I would also like to thank David Bonelli of Pulsar Solutions for his assistance in analyzing the design. David thinks he could improve on the Goertek optical engine.

In Part 1 of this multi-part series, I will focus on the display and optical path, primarily based on iFixit’s Teardown and the components they lent me for further evaluation.

Partnership with Display Training Center Videos

Radu Reit, formerly with Apple, working on the Apple Watch, iPhone, Vision Pro, and more, has founded The Display Training Center and its YouTube channel. Radu and I first met at the MicroLED Connect and ARVRMR Connect in Eindhoven, and agreed to team up. Our first joint video on the Meta Ray Band Display was published today. There is a free 30-minute cut-down version, as well as the full two-hour video (available behind a Patreon paywall), which provides more detail and covers additional issues.

Radu Reit, a former Apple display engineer, and I have teamed up to do a video and podcast series on display devices. We first met at the MicroLED and AR/VR Connect conference in Eindhoven in September and decided to collaborate on developing a new video and audio series.

The first video features the Meta Ray-Ban Display glasses. A free 30-minute version (https://lnkd.in/giZD8rm8) and a 2-hour “Director’s cut” (https://lnkd.in/gBDpTJ3W via Patreon for $20/month) are available. We plan to release about two videos per month.

Meta Spending ~1.5B/Month & Everything is Off the Shelf

What I find fascinating is that, with all the money Meta is spending on R&D and all the papers they have published, when they actually had to make a product to sell, they went with LCOS rather than MicroLEDs that Meta has heavily invested in; Lumus geometric waveguide, not silicon carbide or even glass diffractive waveguides; and optics are designed by Goertek (a very well-known company for optical design and assembly) and not some in-house design.

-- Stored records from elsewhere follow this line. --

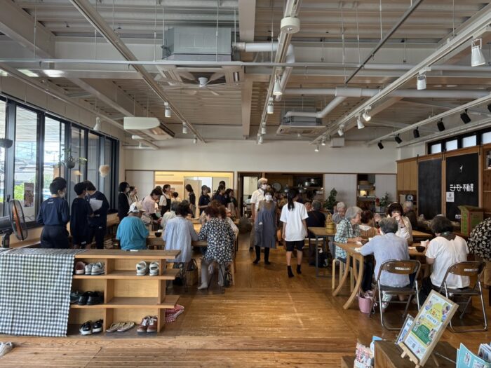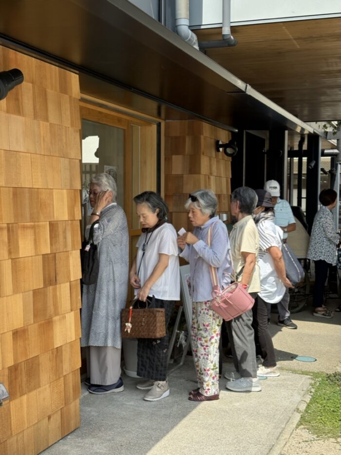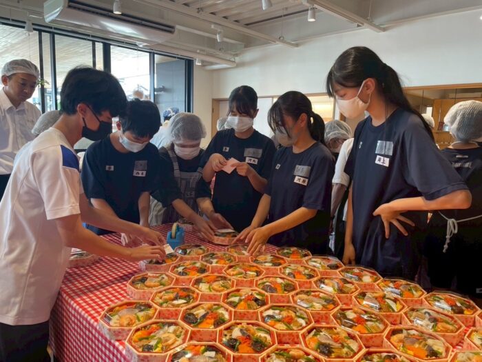 中学生と地域のお母さんたちが敬老の日のお祝いに
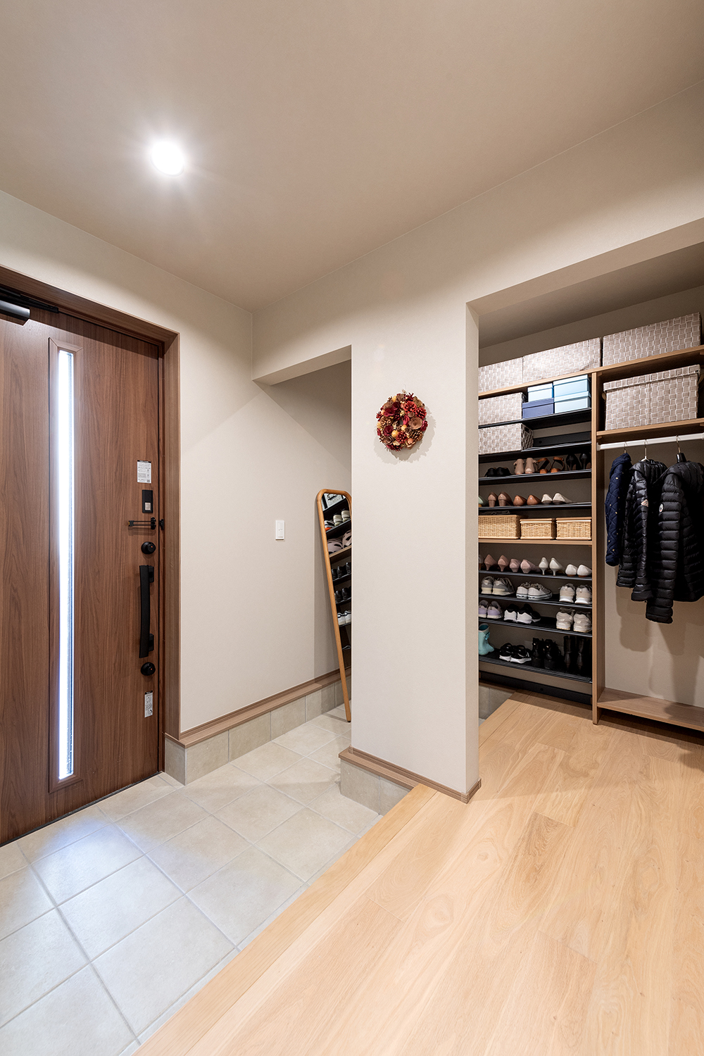 玄関には回遊できる便利なシューズクロークを設置。間仕切りがなくても室内の温度を一定に保つ「Kurumu」ならではの間取りです。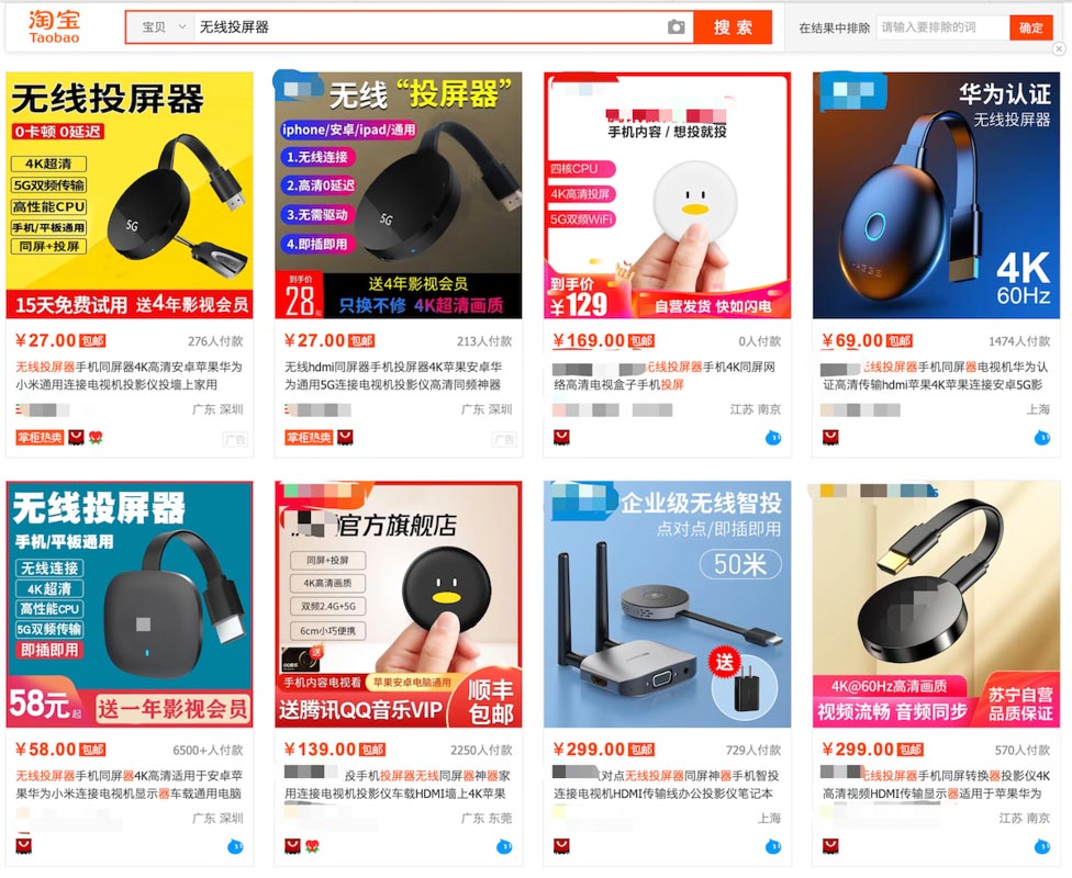 这是在某宝上搜索无线投屏器关键字出来的产品,价格从几十块钱到几百块不等,那UGREEN绿联的这款毫米波无线投屏器的优势在哪里呢?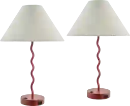 These lamps are built to handle the activity of a kid's room. The wavy, sculptural body is constructed from painted iron, a material chosen for its exceptional strength and long-term durability. The empire-shaped shades are made of white linen, a premium fabric that provides a clean, classic texture while being resilient enough to maintain its crisp look over time.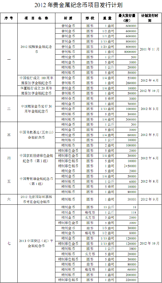 經(jīng)中國人民銀行批準,2012年貴金屬紀念幣計劃發(fā)行7個項目,50個品種,其中金幣27個品種,銀幣23個品種。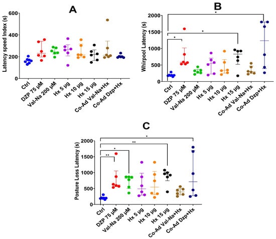 Latency metrics for zebrafish treated with Verbesina persicifolia hexane extract in combination with pharmacological controls. (A) Speed Index Latency, (B) Whirlpool Latency, and (C) Posture Loss. The administration of sodium valproate and the hexanic partition was at a concentration of 200 µM and 10 µg/mL, respectively. The administration of diazepam and the hexanic partition was at a concentration of 37.5 µM and 5 µg/mL, respectively. (B) (* p = < 0.01); (C) (* p = 0.01), (** p = < 0.01). Data are presented as medians ± interquartile ranges. For A, the analysis was performed using ANOVA followed by Tukey HSD, while for B and C, Kruskal–Wallis was used, followed by the Bonferroni correction for the Mann–Whitney U test.

I can understand the argument that MicroLEDs are not yet ready for prime time when it comes to full-color displays. Still, I would emphasize that there may be reasons LCOS will remain a better solution for some time, at least for full color (a discussion for another day). OmniVision’s LCOS appears to be a solid choice. I also understand why Meta chose Goertek for the glasses’ design, though I am not a big fan of Goertek’s optical engine (more on that below).

What really stands out is their use of Lumus’s geometric waveguide. There must have been a mountain of NIH (not-invented-here) to overcome not using an in-house diffractive waveguide design and to go with Lumus. I understand that it has technical advantages in terms of efficiency, significantly less eye glow, and better color uniformity, but Meta still has many diffractive waveguide designers. From an intellectual property perspective, many companies are developing LCOS and MicroLED microdisplays; dozens of companies have diffractive waveguide technology, but only one has developed good geometric waveguides. To top it off, Lumus has achieved waveguides with 70+° FOVs in glass rather than the very expensive Silicon Carbide.

Lumus Geometric (Reflective Waveguide)

While Meta has not said and Lumus has not (yet) admitted to it, the waveguide in the MRBD glasses is clearly a variation on Lumus’s Z-Lens Geometric waveguide (see: Meta Ray-Ban AR Glasses Show Lumus Waveguide Structures in Leaked Video).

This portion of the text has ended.